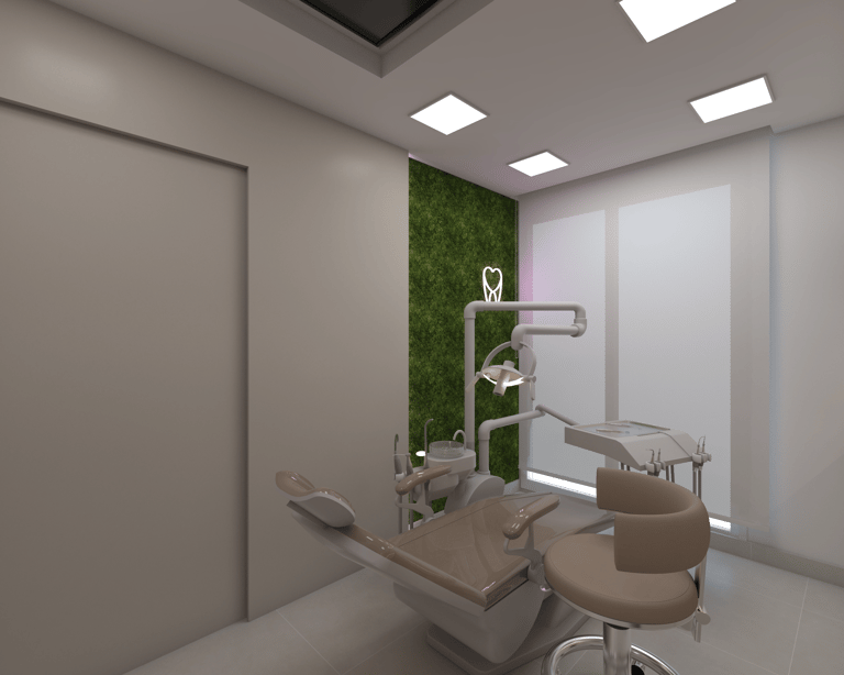 O musgo preservado na parede de fundo é um material biofílico, mas não-poroso e de fácil higienização (Anvisa RDC 50), que traz a natureza para o ambiente estéril. A iluminação em painéis de LED sobre a cadeira fornece luz de alta fidelidade cromática para procedimentos estéticos (como facetas), enquanto o neon e o layout limpo garantem que cada canto da clínica seja esteticamente agradável e funcional, blindando o espaço contra problemas normativos.
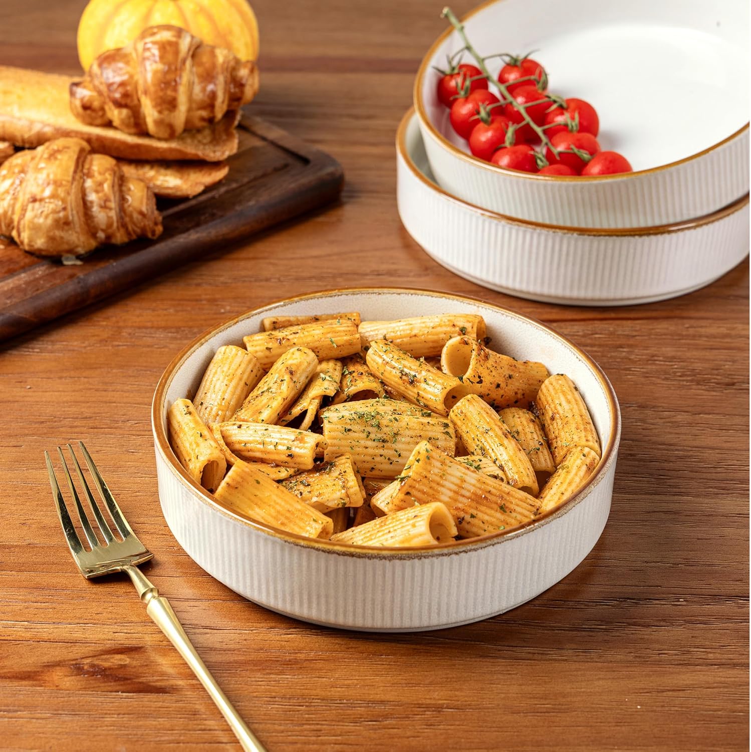 - Premium Stoneware Set of 6 Deep Pasta Bowls (7.5" Wide): Enjoy ample serving space with these perfectly sized 7.5-inch wide pasta bowls, The set includes 6 bowls.Perfectly designed not just for pasta, but also ideal for serving salads, fruits, oatmeal, cereal, soups, rice bowls, desserts, and more – from breakfast to dinner.
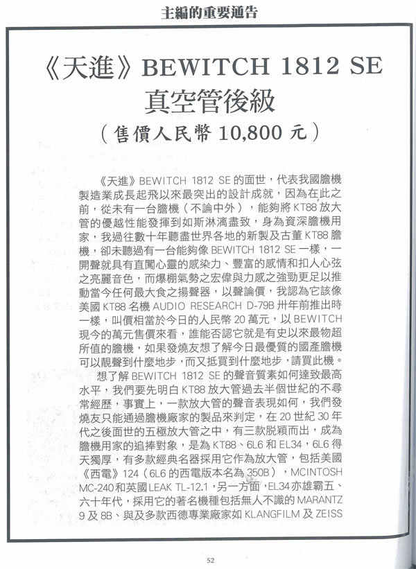 《天进》Bewitch  1812 SE的面世,代表我国胆机制造业成长起飞以来最突出的设计成就,因为在此之前,从未有一台胆机(不论中外),能够将KT88放大管的优越性能发挥到如斯淋漓尽致,身为资深胆机用家,我过往数十年听听世界各地的新制及古董KT88胆机,卻未听过有一台能够像Bewitch 1812 SE一样,一开声就具有直闯心灵的感染力、丰富的感情和扣人心弦之亮丽音色,而爆棚气势之宏伟与力感之强劲更足以推动当今任何最大食之扬声器,以声论价,我认为它该像美国KT88名机AUDIO RESEARCH  D-79B三年前推出时一样,叫价相当于今日的人民币20万元,以Bewitch 现今的万元售价来看,谁能否认它就是有史以来最物超所值的胆机,如果发烧友想了解今日最优质的国产胆机可以靓声到什么地步,而又抵买到什么地步,请买此机。

---*---

Required action >>
All of the data gets printed again exactly; the pictures do not.

Exercise answer >>
 O musgo preservado na parede de fundo é um material biofílico, mas não-poroso e de fácil higienização (Anvisa RDC 50), que traz a natureza para o ambiente estéril. A iluminação em painéis de LED sobre a cadeira fornece luz de alta fidelidade cromática para procedimentos estéticos (como facetas), enquanto o neon e o layout limpo garantem que cada canto da clínica seja esteticamente agradável e funcional, blindando o espaço contra problemas normativos.
 - Premium Stoneware Set of 6 Deep Pasta Bowls (7.5" Wide): Enjoy ample serving space with these perfectly sized 7.5-inch wide pasta bowls, The set includes 6 bowls.Perfectly designed not just for pasta, but also ideal for serving salads, fruits, oatmeal, cereal, soups, rice bowls, desserts, and more – from breakfast to dinner.
 《天进》Bewitch  1812 SE的面世,代表我国胆机制造业成长起飞以来最突出的设计成就,因为在此之前,从未有一台胆机(不论中外),能够将KT88放大管的优越性能发挥到如斯淋漓尽致,身为资深胆机用家,我过往数十年听听世界各地的新制及古董KT88胆机,卻未听过有一台能够像Bewitch 1812 SE一样,一开声就具有直闯心灵的感染力、丰富的感情和扣人心弦之亮丽音色,而爆棚气势之宏伟与力感之强劲更足以推动当今任何最大食之扬声器,以声论价,我认为它该像美国KT88名机AUDIO RESEARCH  D-79B三年前推出时一样,叫价相当于今日的人民币20万元,以Bewitch 现今的万元售价来看,谁能否认它就是有史以来最物超所值的胆机,如果发烧友想了解今日最优质的国产胆机可以靓声到什么地步,而又抵买到什么地步,请买此机。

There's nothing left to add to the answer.